Absent from the meeting, Globe member Robert Ashford.

“There is an urgency for a new board member to be present,” said Armida Bittner, one of the three board members from the Globe area.

Board President Larry Stephenson said Gila County Superintendent of Schools Linda O’Dell has not yet picked a new board member to replace Tom Loeffler, who resigned after the board voted to cut tuition rates overall and restore tuition waivers for seniors.

The district’s enrollment subsequently rose 15 percent, although its tuition revenues declined.

By law, O’Dell must find a replacement board member.

The lack of a board member has begun to hobble the district. At the Oct. 17 meeting, the three members present shelved approval of a lobbying contract until it has a full roster.

Yet, the board did unite to vote to join the ASBA.

“I hope we can gain consensus of the board to join the ASBA,” said Sam Moorehead. “As members, the board could go and receive additional training in open meeting law ... it’s an excellent source for school policies that we can tailor to fit GCC policies.”

Bittner supported Moorehead’s suggestion by saying she had been a member of ASBA for 16 years as the founder of a charter school.

“Premier is the word and leader is the word,” she said to describe the organization. “They just have so much that they clarify and advocate.”

The GCC board also voted to increase its payments for janitorial services to the Town of Payson through an intergovernmental agreement (IGA).

“This IGA supports our fire science program,” said Steven Cullen, dean of the college. “They found that the time they needed for janitorial services increased the amount they needed to ask for ... you know, kids will be kids, I think what is being asked for is reasonable (and) NAVIT will split the cost.”

The contract with Payson will shift from a flat $2,500, to a sliding scale based on enrollment.
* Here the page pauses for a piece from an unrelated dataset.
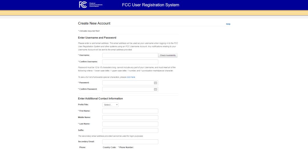 **請輸入有效的電子郵件地址。當您使用FCC用戶名帳戶登錄FCC用戶注冊系統(tǒng)和其他系統(tǒng)時,此電子郵件地址將用作您的用戶名。任何與您的用戶名帳戶相關的通知都將發(fā)送到您提供的電子郵件地址。可以檢查郵件地址有效性。

If one to 15 students enrolled, the cost would go to $5,000. If the numbers increased to between 16 and 21 students, reimbursement went to $6,500.

“This is not the invention of a new wheel,” said Moorehead. “This IGA has been in affect before.”

The board approved the increase unanimously.

But the board members also listened to a financial report that stated revenues from tuition have fallen 15 percent below projections. Meanwhile, the number of seniors seeking free classes has doubled.

“We know enrollment is up, but does that mean only our seniors are enrolling or are we getting younger students as well?” asked Moorehead. “That would be important information to show that we are being responsive to the public’s question and my own.”

Cullen said he is in the process of compiling a list based on the demographics of students enrolled.